Sadly, the Post failed to recognize that, in spite of examples of incompetence and outright mismanagement by certain local governments, overall the HOME Program works. For more than a year, HUD provided data and context to Ms. Cenziper and for all this, she failed to recognize the obvious. Yes, there are problems when local communities pick bad developers and it’s no wonder that projects stall or even fail as a consequence. But to lead readers to believe the whole HOME Program is a failure and that HUD is “looking the other way” is just plain wrong.

Let’s put this into context; these delayed projects that the Post cites are a small fraction (approximately 2.5 percent) of 28,000 active developments. Many of these open projects are newly constructed single-family homes that remain on the market because we’re in the middle of a housing crisis in this country, a reality that is largely unrecognized in Ms. Cenziper’s reporting. Given complex financing, zoning and environmental requirements, it’s not uncommon for larger multi-family construction projects to take 3-4 years to fully complete. Large-scale rehab projects can easily take two years to finish.

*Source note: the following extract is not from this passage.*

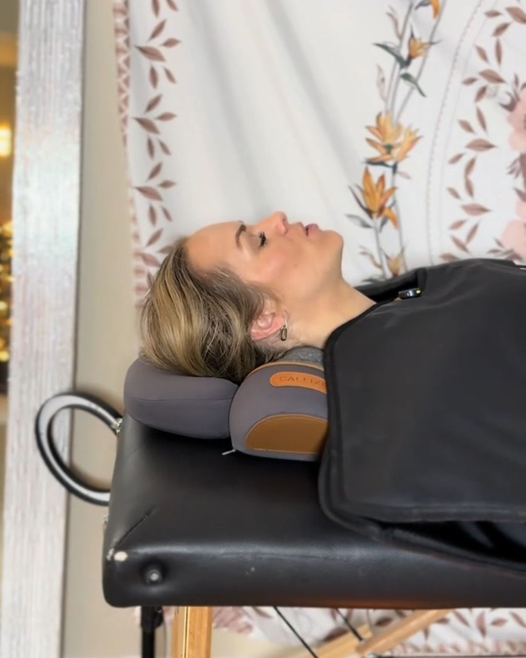 Soothing therapy relaxes the neck and spine for deep restorative sleep.

Still, there’s more work to do and we’re doing it. We’ve cut the number of these ‘open activities’ by nearly 60 percent since 2005. In the past two months alone, we’ve cancelled nearly 2,000 stalled projects totaling $290 million! We’re providing technical assistance to local communities as never before. AND we’re forcing repayment of misspent money.

Ms. Cenziper was told time and again that despite the limitations of HUD’s legal authority, we always force repayment of HOME funds when a project isn’t completed. Always. Not sometimes but one hundred percent of the time.

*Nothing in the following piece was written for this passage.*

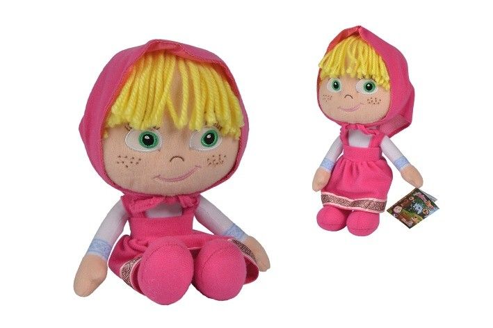 Plyšová panenka Máša ze seriálu Máša a medvěd, díky pohyblivým nohám může stát i sedět. Velikost 25 cm.
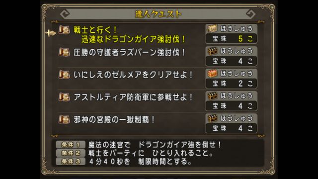 昨日、紫竜の煌玉が発表されたからってわけじゃないでしょうけど、戦士と行く!迅速なドラゴンガイア強討伐!があります。

In other words, when projects don’t work out, it’s the fault of local jurisdictions, not the federal overseers.

In the next installment, Cenziper does a deep dive on $3.5 million that HUD loaned to East of the River Community Development Corporation to rehab three apartment buildings. Enthusiastically backed by the Fenty administration, the non-profit bought them at absurdly inflated prices from speculators with criminal backgrounds, and then went bankrupt in 2009 when they couldn’t secure enough private financing to finish the renovations. The CDC blames the economy for killing the deal, the District blames the non-profit for trusting an inflated appraisal, and HUD blames the District for picking an inadequate developer (and then allowing East of the River to pay off its debt with the HUD loan, which is a big no-no). Ultimately, big-time developer William C. Smith stepped in to finish the job.

It’s a similar phenomenon to the one that I’ve discovered looking at the District’s Home Again program, which disposed vacant properties to developers who cherry picked the best ones and let the rest languish, and the troubled renovation of Mayfair Mansions, which was too much for Marshall Heights Community Development Organization. Obviously, it’s a case for going only with the most reputable developers with the greatest capacity and the longest track records—-not the politically connected community organizations that the District just wants to help stay alive. Because at the end of the day, wasted money is everybody’s fault.